The food industry must face:
fluctuations nature of raw materials
restrictions “living” nature of the raw materials and products
the specific conditions of marketing of products
the increasing complexity of technological processes
hygienic and sanitary conditions
The problem of designing a food industry is therefore much more complex than other industries due to differential components that have food against other product.
The design of the food industry has a fundamental role, which should take into account basic principles of design, plan an efficient flow of materials and people, a logical distribution of facilities and efficient operation of the process.
For each product is planned to manufacture, and following the flowchart, process analysis and must specify for each stage of production, among other things, the characteristics of each unit operation and the critical points for control is performed in each of these unit operations and their level of sensitivity.
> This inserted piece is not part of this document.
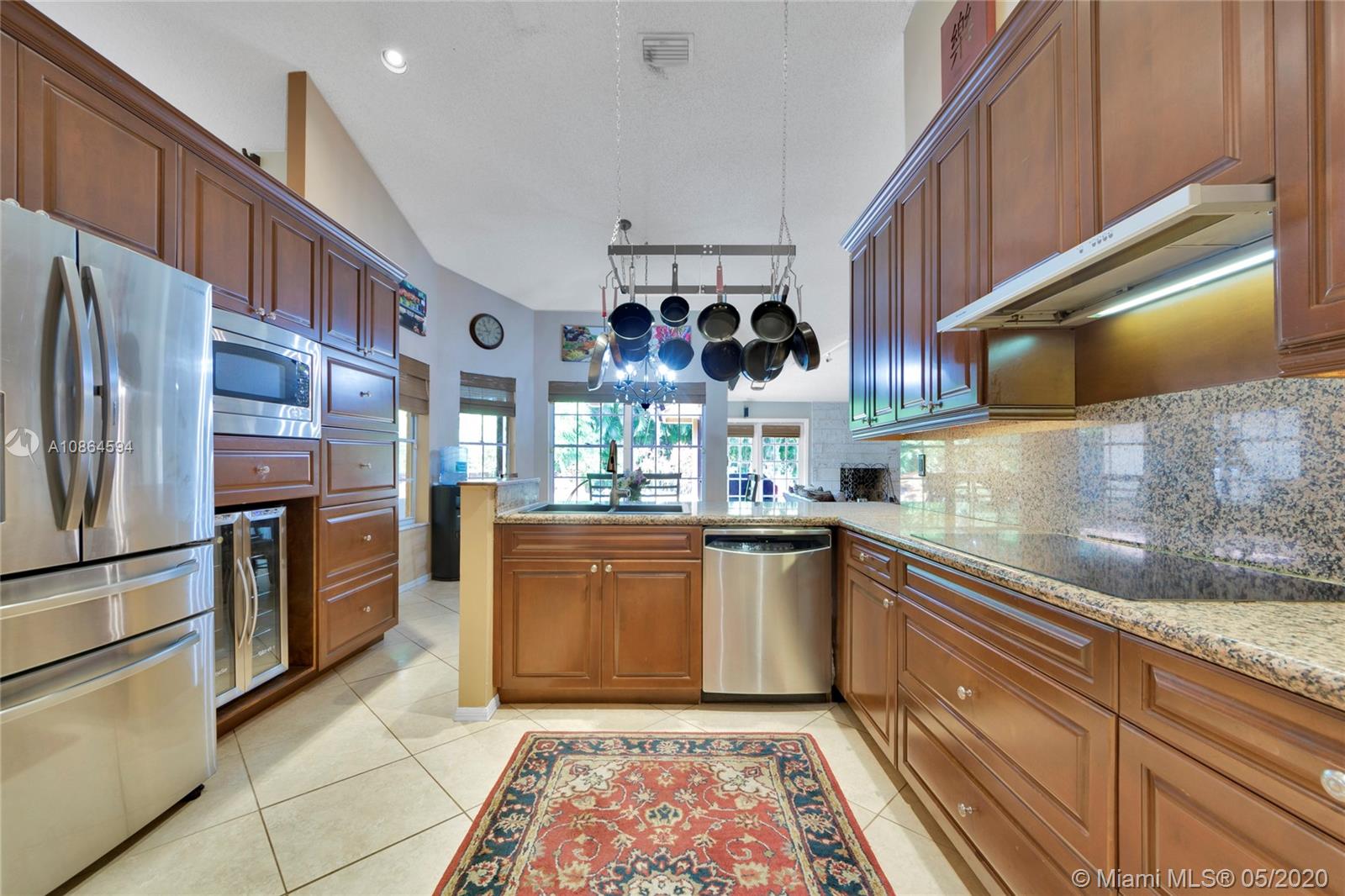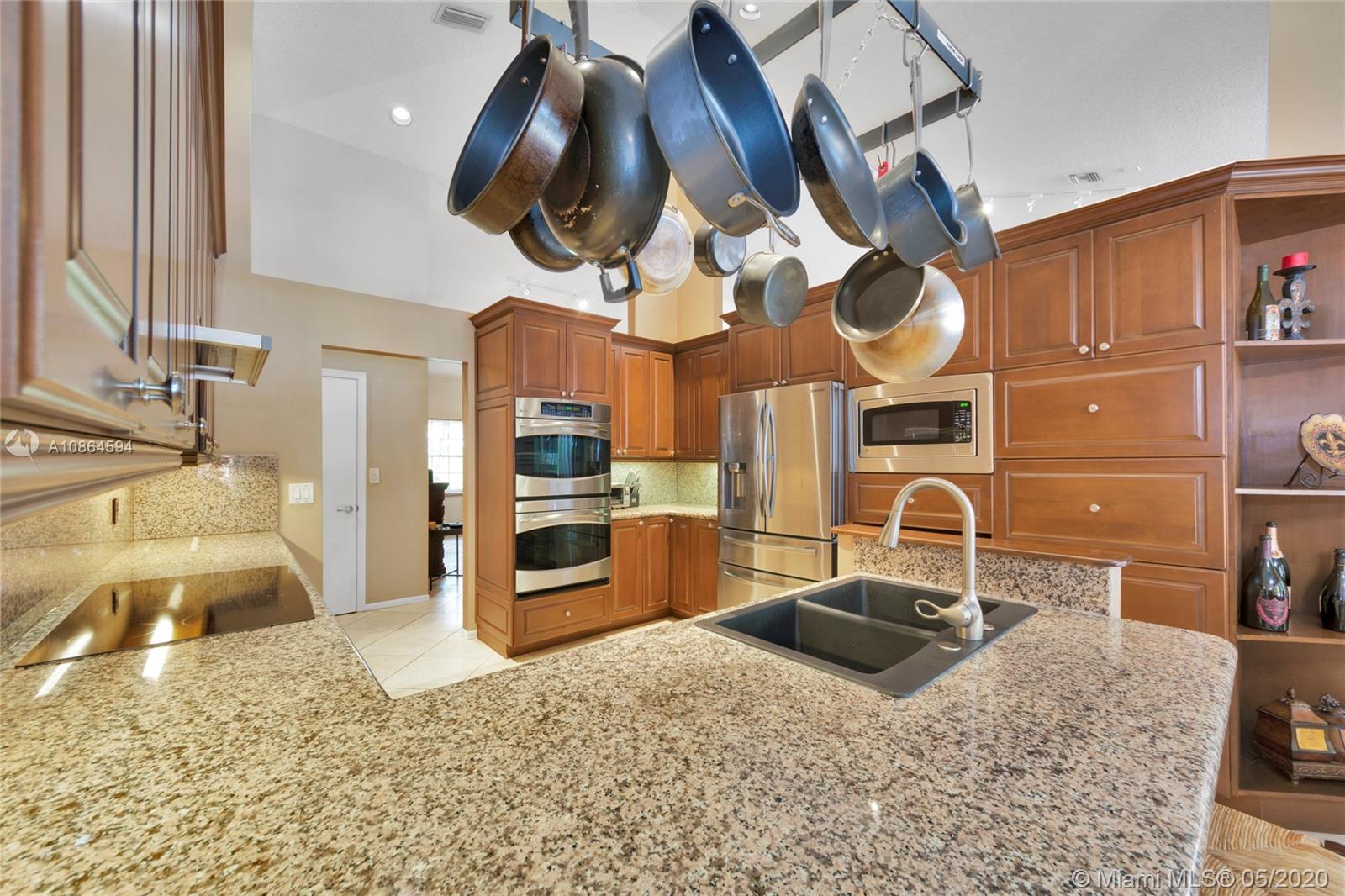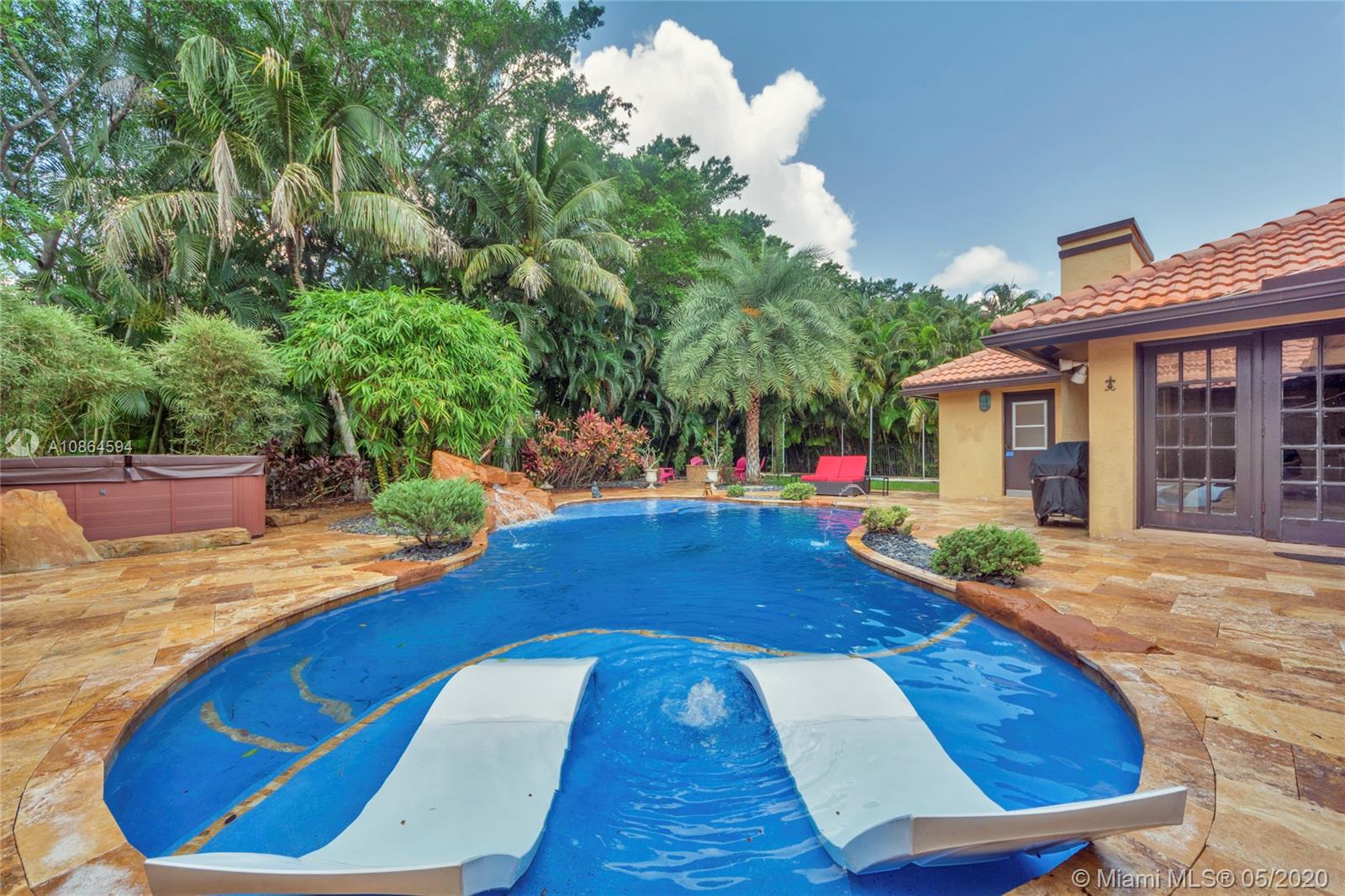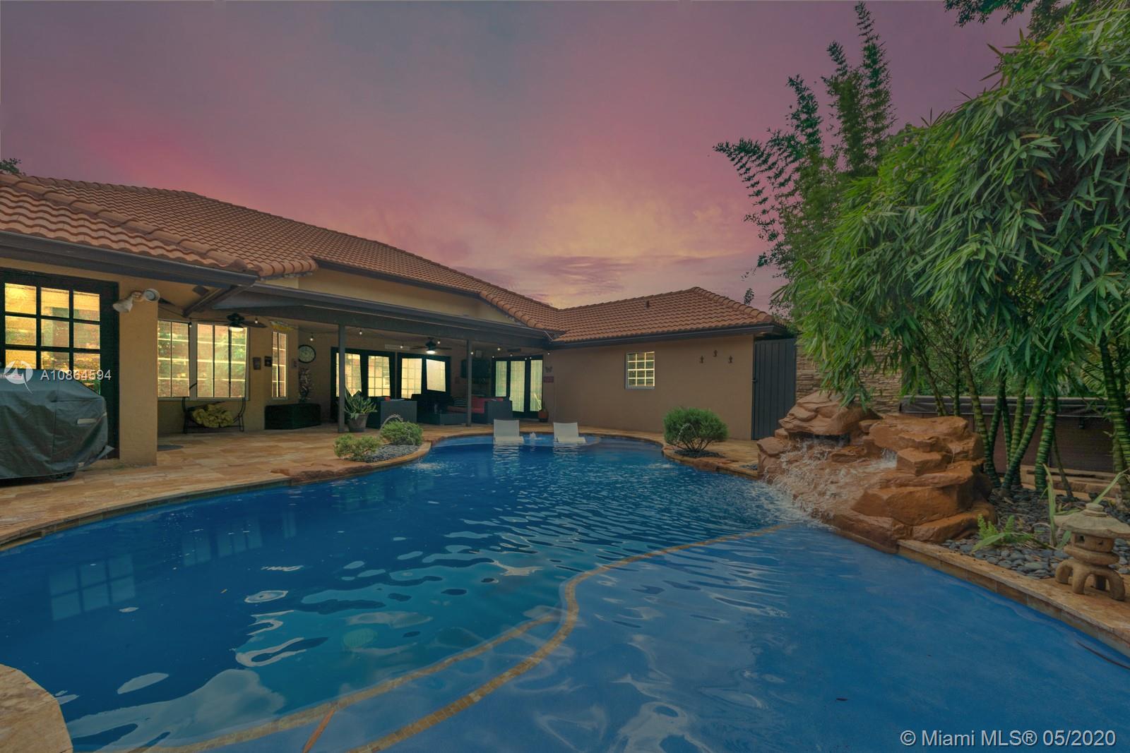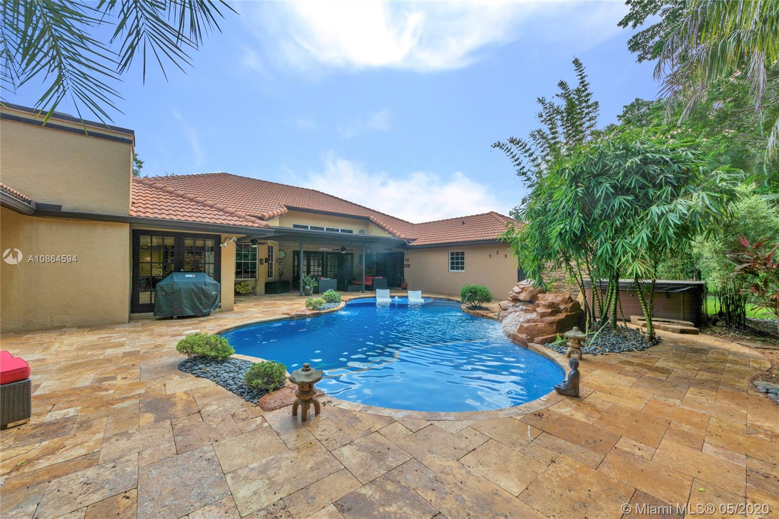 This exceptional 5 bedroom 4 bathroom residence is set on a lushly landscaped 1/3 acre private berm lot in charming tree-lined neighborhood. Enter foyer and be greeted by spacious living room and dining room with volume ceilings and French doors opening to tropical backyard paradise. The outside is an alluring resort-style oasis with free-form heated salt pool w/waterfall and beach entry, stunning marble patio, hot tub, fire pit and Bocce court. Interior features custom chef's kitchen with double ovens, cook top/hood, pot rack and wine cooler which overlooks the breakfast area and family room with fireplace , spa-like Zen master bathroom, completely remodeled with custom cabinets, marble counters, his and her toilets, luxurious tub and inside/outside shower. Steps to park and playground.

According to the sensitivity of the product (critical points in the process), areas with contamination risks are defined, ie must define sensitivity levels for each zone. And considering these risks, designing facilities to minimize them.
Environmental conditions
For example, one of the factors to take into account for the design of agri-food facilities, is the condition of the environment. The airflow is vital to be taken into account. It is not the same for low-risk to high-risk. And in the air we have the ability to contain lots of germs that can be transferred to food.
There is no specific legislation in the European Union that we determine the amount of germs that may be present in an environment, but there ISO or FDA standards we can provide guidance, and it is this.
In risk areas where the product is open:
> 3500-3500000 particles of 0.5 m per m3 (amount of dust)
> 350 germs per m3
In high-risk areas (according to the definition IFS)
> 3500 particles per m3 0.5m
less than 0.35 m3 germs
To move forward coherently towards managing the microbiological quality in food industry should be:
define an environment, ie infrastructure to limit any entry and spread of microorganisms in the factory.
manage flows in this infrastructure to control all entry, spread and multiplication of microorganisms.